Saturday, November 14, 2020

The Certainty of God in An Uncertain Year

If you live in the higher latitudes where seasonal changes occur, you have likely been blessed and encouraged by the beautiful days of autumn we have had in 2020.  This prolonged period without widespread killing frosts in our area have allowed Abby and I to enjoy the fruits of our landscaping efforts this year.  We are also enjoying hikes in some of our favorite Ohio natural areas.  In this article, we decided to share some photos showing the beauty of our landscape and to remind us all of God’s faithfulness which has affirmed our faith during this unusual year, 2020.
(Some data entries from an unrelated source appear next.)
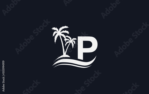 Naklejka premium Nature water wave and beach tree vector logo design with the letter and alphabet P
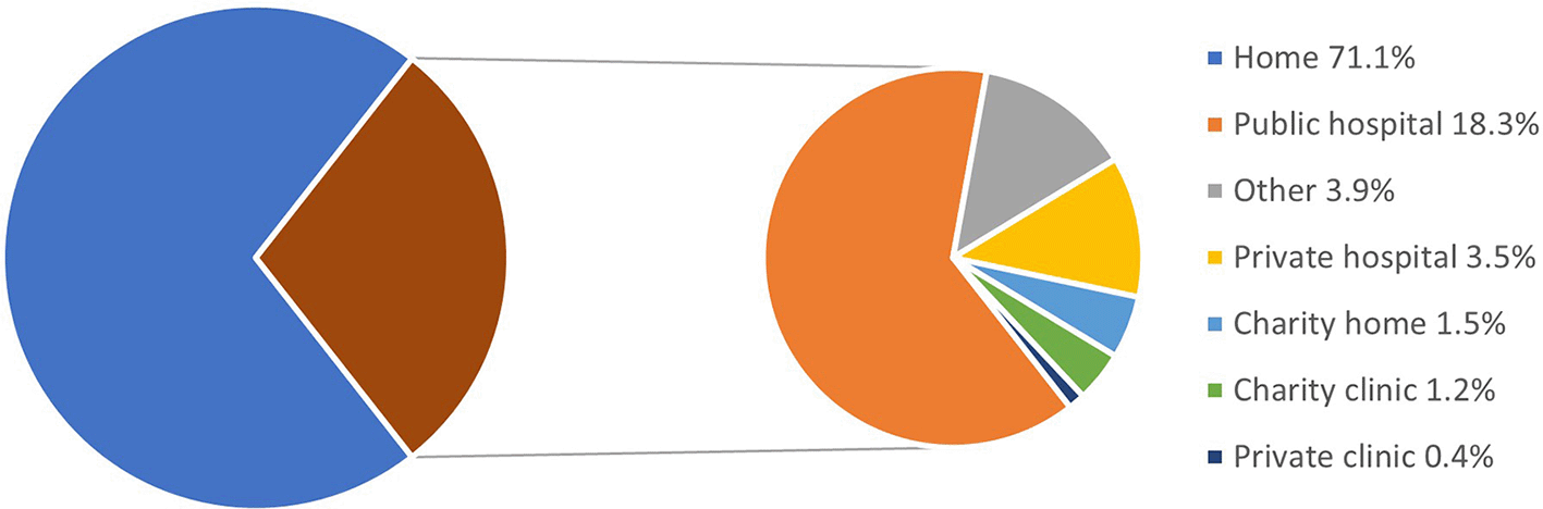 Over the period of 1st June 2021 to 31st August 2021, the proportions of death ranged between 12.4% and 17.3%, with less variations throughout, despite the peak occurrence of COVID-19 in July week 2 (Figure 1). The majority of deaths (72%) happened at home and 18.3%, at public hospitals (Figure 2).
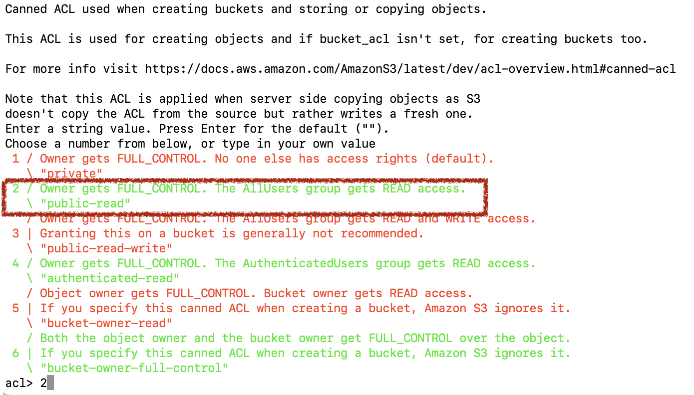 다음은 서버측의 ACL 설정인데, 저는 테스트용이므로 과감하게 2번 public-read를 사용했습니다. 실제 상황에서는 필요한 권한을 최소로 설정해주는게 좋다고 합니다.

Outdoor Answers to 2020 Anxiety

For many of us, this outdoor blessing couldn’t have come at a better time.  This past weekend, Abby and I were blessed to hike in Johnson Woods State Nature Preserve, one of our wonderful natural areas in Wayne County.  Johnson Woods is one of Ohio’s largest stands of old growth forest where visitors can enjoy towering oaks, hickories, American beech, and sugar maple.  This 155-acre tract invites hikers to traverse the entire 1.4-mile boardwalk through both upland forest and swampland or take a shorter, less rigorous route.   Johnson Woods is actually changing through ecological succession from an oak-hickory forest to a beech-maple forest.  The latter tree species are among several species which are shade tolerant and thus able to establish their populations in the shade of the oaks and hickories which are less able to reproduce themselves in their own shade.
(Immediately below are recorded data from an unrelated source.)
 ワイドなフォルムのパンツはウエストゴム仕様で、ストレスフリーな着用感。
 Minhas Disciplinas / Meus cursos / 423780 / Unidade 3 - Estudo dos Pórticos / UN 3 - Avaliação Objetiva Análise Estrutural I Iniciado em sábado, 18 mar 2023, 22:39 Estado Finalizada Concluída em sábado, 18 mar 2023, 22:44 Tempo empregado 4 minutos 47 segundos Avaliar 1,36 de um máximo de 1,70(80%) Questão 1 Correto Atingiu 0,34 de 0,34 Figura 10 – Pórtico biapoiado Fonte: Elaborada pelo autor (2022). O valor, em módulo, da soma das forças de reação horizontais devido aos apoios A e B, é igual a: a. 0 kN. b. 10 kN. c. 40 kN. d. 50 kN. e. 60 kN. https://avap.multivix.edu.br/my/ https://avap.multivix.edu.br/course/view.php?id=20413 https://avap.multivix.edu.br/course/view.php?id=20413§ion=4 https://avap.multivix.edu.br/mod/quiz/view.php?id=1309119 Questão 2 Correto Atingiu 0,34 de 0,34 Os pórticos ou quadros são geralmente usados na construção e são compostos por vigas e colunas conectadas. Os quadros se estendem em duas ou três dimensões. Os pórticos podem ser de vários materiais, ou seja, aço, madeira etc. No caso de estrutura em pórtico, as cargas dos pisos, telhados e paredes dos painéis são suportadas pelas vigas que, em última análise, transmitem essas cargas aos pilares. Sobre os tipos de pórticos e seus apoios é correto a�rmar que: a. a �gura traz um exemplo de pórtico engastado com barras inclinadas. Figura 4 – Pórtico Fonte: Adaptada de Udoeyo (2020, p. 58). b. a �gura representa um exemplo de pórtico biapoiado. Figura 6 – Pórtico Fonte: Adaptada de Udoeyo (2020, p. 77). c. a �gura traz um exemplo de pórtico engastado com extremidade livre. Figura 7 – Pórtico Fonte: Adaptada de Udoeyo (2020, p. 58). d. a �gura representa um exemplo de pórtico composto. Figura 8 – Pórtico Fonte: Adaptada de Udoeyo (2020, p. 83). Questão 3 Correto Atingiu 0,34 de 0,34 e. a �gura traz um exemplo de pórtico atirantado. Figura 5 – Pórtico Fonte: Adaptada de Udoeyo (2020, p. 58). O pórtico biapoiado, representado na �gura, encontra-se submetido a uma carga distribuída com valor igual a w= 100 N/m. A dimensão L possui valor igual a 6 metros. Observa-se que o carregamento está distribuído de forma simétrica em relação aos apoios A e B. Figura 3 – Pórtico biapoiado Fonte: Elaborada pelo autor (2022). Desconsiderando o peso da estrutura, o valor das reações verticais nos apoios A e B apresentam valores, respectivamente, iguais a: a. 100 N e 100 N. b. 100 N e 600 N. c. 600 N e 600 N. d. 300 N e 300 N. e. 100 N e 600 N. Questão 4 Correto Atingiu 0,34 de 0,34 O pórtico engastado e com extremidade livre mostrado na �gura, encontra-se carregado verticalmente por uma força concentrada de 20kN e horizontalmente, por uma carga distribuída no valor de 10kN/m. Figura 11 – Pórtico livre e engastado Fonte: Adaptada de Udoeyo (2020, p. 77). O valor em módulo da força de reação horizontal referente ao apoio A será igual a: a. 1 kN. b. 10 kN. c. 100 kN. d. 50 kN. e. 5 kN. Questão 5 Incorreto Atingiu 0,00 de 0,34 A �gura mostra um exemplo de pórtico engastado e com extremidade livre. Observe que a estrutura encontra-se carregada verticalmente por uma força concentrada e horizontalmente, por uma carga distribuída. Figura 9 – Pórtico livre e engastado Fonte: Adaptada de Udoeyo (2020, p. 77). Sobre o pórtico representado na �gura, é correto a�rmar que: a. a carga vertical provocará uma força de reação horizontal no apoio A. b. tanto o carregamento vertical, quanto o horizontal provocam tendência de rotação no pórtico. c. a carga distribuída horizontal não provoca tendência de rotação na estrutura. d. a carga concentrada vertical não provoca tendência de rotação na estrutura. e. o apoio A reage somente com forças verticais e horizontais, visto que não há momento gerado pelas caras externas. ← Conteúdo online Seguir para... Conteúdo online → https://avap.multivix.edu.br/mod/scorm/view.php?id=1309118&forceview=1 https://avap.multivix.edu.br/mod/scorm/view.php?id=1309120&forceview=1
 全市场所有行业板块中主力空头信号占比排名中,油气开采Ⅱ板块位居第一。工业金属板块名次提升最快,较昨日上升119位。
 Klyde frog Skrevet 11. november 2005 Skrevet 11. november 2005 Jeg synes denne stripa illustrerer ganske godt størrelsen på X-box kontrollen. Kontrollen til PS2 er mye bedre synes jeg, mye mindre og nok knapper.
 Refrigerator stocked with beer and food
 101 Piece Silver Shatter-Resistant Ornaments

We also enjoyed our visit to Secrest Arboretum on the campus of the Ohio Agricultural Research and Development Center (OARDC) one sunny afternoon.  This arboretum has both horticultural plantings and landscapes of native plant communities which are botanically diverse, beautiful, and inviting any season of the year.

Another inviting local forest tract, located a few miles west of the City of Wooster, is Wooster Memorial Park.  This 422-acre park differs from Johnson Woods, particularly because of its rolling topography which is dissected by steep ravines.  Wooster Memorial Park is an inviting treasure for botanists and birdwatchers in any season.

When Abby and I drove into the parking lots of the two natural areas, we were struck by the large number of cars.  At Wooster Memorial Park, we could barely get a parking place. 
“What is going on,” we asked? 
We had never seen such a large number of cars.   We soon realized that this large number of visitors was due, not only to the warm, sunny weather, but also by the increasing appeal of the outdoors as a place of safety and respite from virus-prone crowds.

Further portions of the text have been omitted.